Department of Ecology and Evolution, University of Lausanne and Swiss Institute of Bioinformatics, 1015 Lausanne, Switzerland.
Bioinformatics. 2014 May 15;30(10):1392-9. doi: 10.1093/bioinformatics/btu027. Epub 2014 Jan 21.
Microarray results accumulated in public repositories are widely reused in meta-analytical studies and secondary databases. The quality of the data obtained with this technology varies from experiment to experiment, and an efficient method for quality assessment is necessary to ensure their reliability.
The lack of a good benchmark has hampered evaluation of existing methods for quality control. In this study, we propose a new independent quality metric that is based on evolutionary conservation of expression profiles. We show, using 11 large organ-specific datasets, that IQRray, a new quality metrics developed by us, exhibits the highest correlation with this reference metric, among 14 metrics tested. IQRray outperforms other methods in identification of poor quality arrays in datasets composed of arrays from many independent experiments.
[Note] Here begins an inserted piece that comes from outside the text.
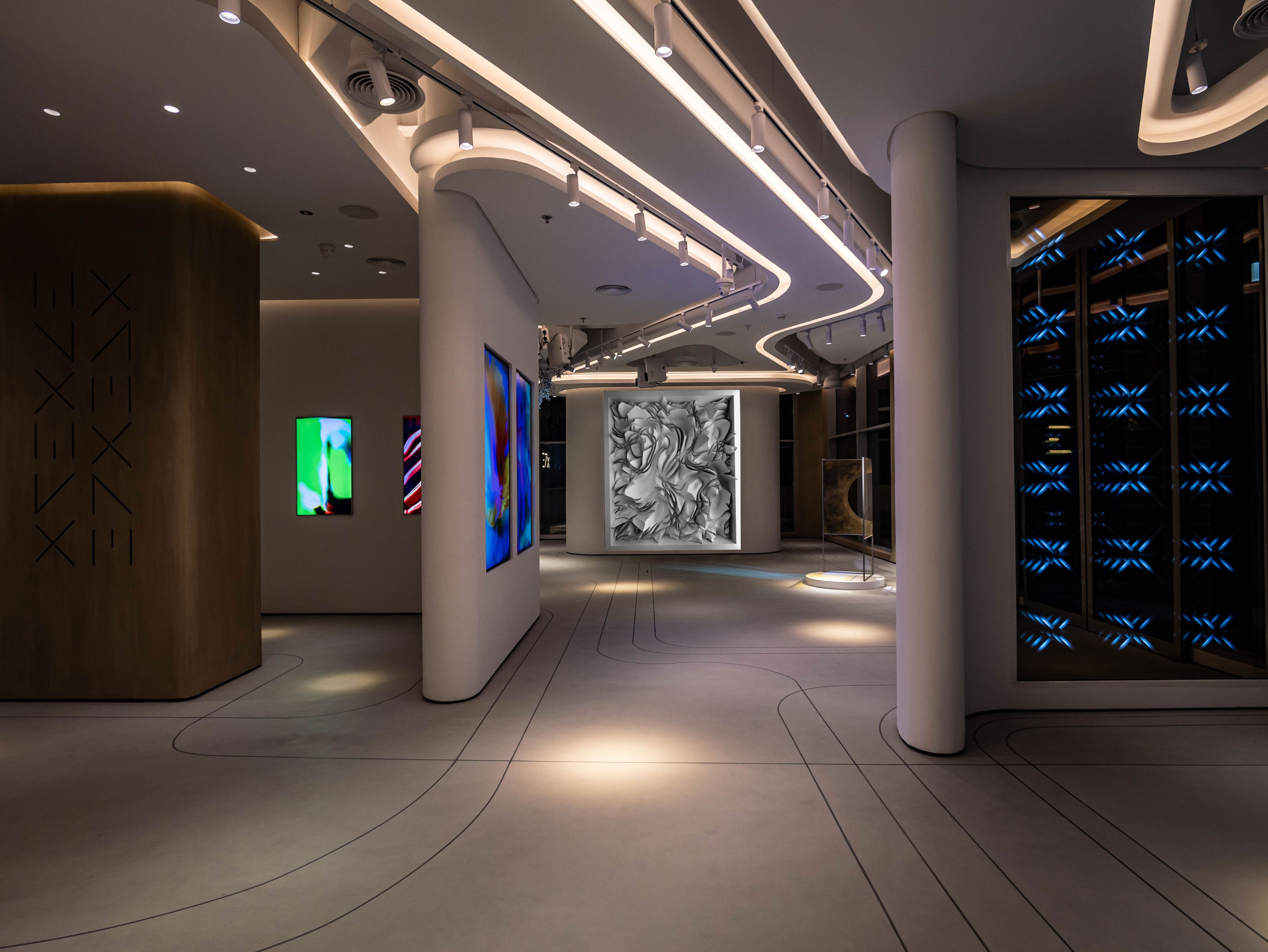 With light, we focused on painting art objects according to their configuration and size. And we also emphasized the textures and surfaces of the space. All lamps are synchronized and controlled, connected to one control system, and can be adjusted remotely.

In contrast, the performance of methods designed for detecting outliers in a single experiment like Normalized Unscaled Standard Error and Relative Log Expression was low because of the inability of these methods to detect datasets containing only low-quality arrays and because the scores cannot be directly compared between experiments.
The R implementation of IQRray is available at: ftp://lausanne.isb-sib.ch/pub/databases/Bgee/general/IQRray.R.
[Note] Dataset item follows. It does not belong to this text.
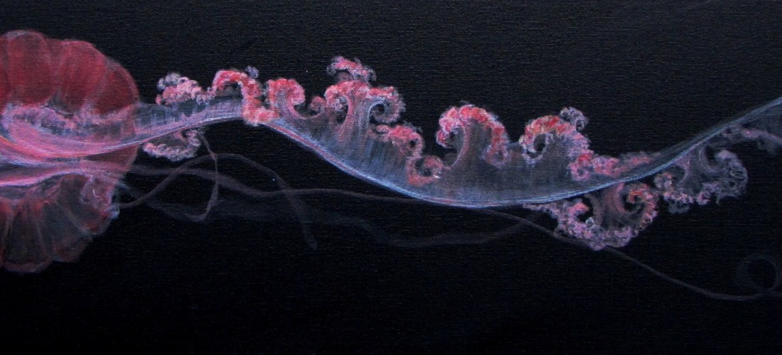 The painting above is based on the magnificent South American Sea Nettle (Chrysaora plocamia), and you may notice that the arms of the jellyish are incomplete, as I only had time to paint one. I was absolutely captivated by the elaborate fractal patterns of the arms, and their translucency, which reminded me of tendrils of smoke. (For anyone wondering, yes I do mean arms, not tentacles! The tentacles are the narrower string-like appendages. Those interested can find a crash course on jelly anatomy here.)

Supplementary data are available at Bioinformatics online.
公共存储库中积累的微阵列结果被广泛用于元分析研究和二级数据库中。这项技术获得的数据质量因实验而异,因此需要一种有效的质量评估方法来确保其可靠性。
缺乏良好的基准妨碍了对现有质量控制方法的评估。在这项研究中,我们提出了一种新的基于表达谱进化保守性的独立质量指标。我们使用 11 个大型器官特异性数据集表明,我们开发的新质量指标 IQRray 在 14 种测试指标中与该参考指标的相关性最高。在由来自许多独立实验的阵列组成的数据集,IQRray 在识别低质量阵列方面优于其他方法。相比之下,设计用于检测单个实验中异常值的方法(如归一化未缩放标准误差和相对对数表达)的性能较低,因为这些方法无法检测仅包含低质量阵列的数据集,并且无法直接在实验之间比较得分。
IQRray 的 R 实现可在以下网址获得:ftp://lausanne.isb-sib.ch/pub/databases/Bgee/general/IQRray.R。
补充数据可在 Bioinformatics 在线获得。